Brief: Retype, exactly as they stand, the lines from the start of the data to the line that contains "Geef je eethoek", both ends included. Leave the pictures out.

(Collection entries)
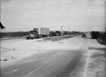 Wheat rolled into Fort Worth in 450 bushel trucks on Monday. These are some of the trucks which waited on Highway 81 before unloading the grain at the Burrus Mill and Elevator Company. The highway seems deserted expect for the trucks waiting in a line on one side of the road. There are electric posts and fields on the either side of the road. Published in the Fort Worth Star-Telegram evening edition, may 20, 1946.
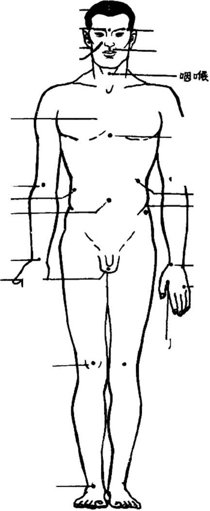 胸部胸部腰胜腰胜JJ指关节指关节虎口麻虎口麻脏关节脏关节,图一),图一)跺关节跺关节11肘关节 软肋- 腹就肘关节 软肋- 腹就太阳穴-人中太阳穴-人中腕关节裆部腕关节裆部头部?印皖一耳后一限睡头部?印皖一耳后一限睡?T—时部麻—?T—时部麻—脱都前一手IT麻脱都前一手IT麻指关节
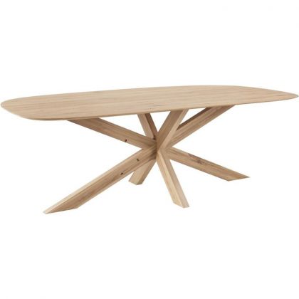 Geef je eethoek een stoere look met organische eettafel Selectio, uitgevoerd met een organisch blad en verjongde rand in eiken kleur basic E017, gecombineerd met een houten spinpoot.
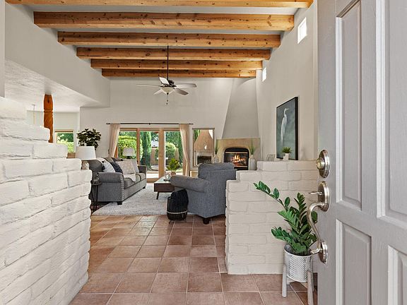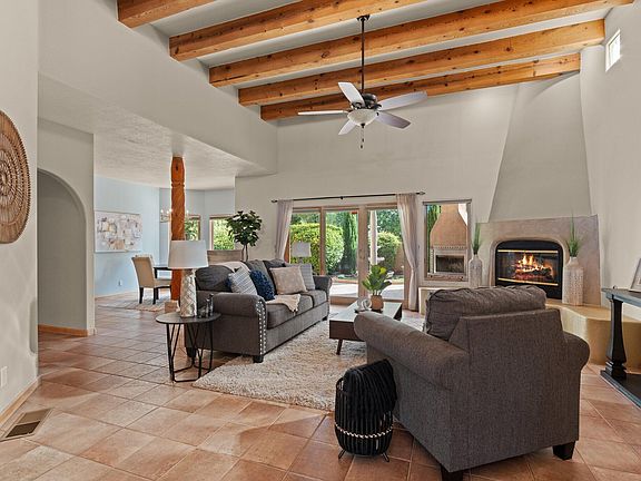 Welcome to The Meadows on Rio Grande! This home features 3 bedrooms, a study, a great room with a gas log fireplace. The second living room, which could serve as a formal dining room, has a built-in hutch and sliding glass doors to the courtyard. The updated kitchen boasts a large island with a built-in sink for food preparation and a walk-in pantry. The laundry room leads to a workshop and a large walk-in storage closet. The primary bedroom offers an en-suite bath with double sinks, jetted soaking tub, separate shower, and a walk-in closet. Outdoor living is a highlight of this home. The upstairs deck offers views of the Sandia's and spectacular fireworks shows. The back patio is perfect for entertaining, featuring a built-in fireplace, a beautiful water fountain, and a built-in grill.
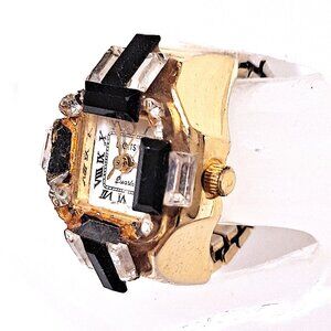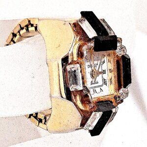 -Gold dial with black Roman numerals and a rhinestone at 12 o'clock

Solution:
 Wheat rolled into Fort Worth in 450 bushel trucks on Monday. These are some of the trucks which waited on Highway 81 before unloading the grain at the Burrus Mill and Elevator Company. The highway seems deserted expect for the trucks waiting in a line on one side of the road. There are electric posts and fields on the either side of the road. Published in the Fort Worth Star-Telegram evening edition, may 20, 1946.
 胸部胸部腰胜腰胜JJ指关节指关节虎口麻虎口麻脏关节脏关节,图一),图一)跺关节跺关节11肘关节 软肋- 腹就肘关节 软肋- 腹就太阳穴-人中太阳穴-人中腕关节裆部腕关节裆部头部?印皖一耳后一限睡头部?印皖一耳后一限睡?T—时部麻—?T—时部麻—脱都前一手IT麻脱都前一手IT麻指关节
 Geef je eethoek een stoere look met organische eettafel Selectio, uitgevoerd met een organisch blad en verjongde rand in eiken kleur basic E017, gecombineerd met een houten spinpoot.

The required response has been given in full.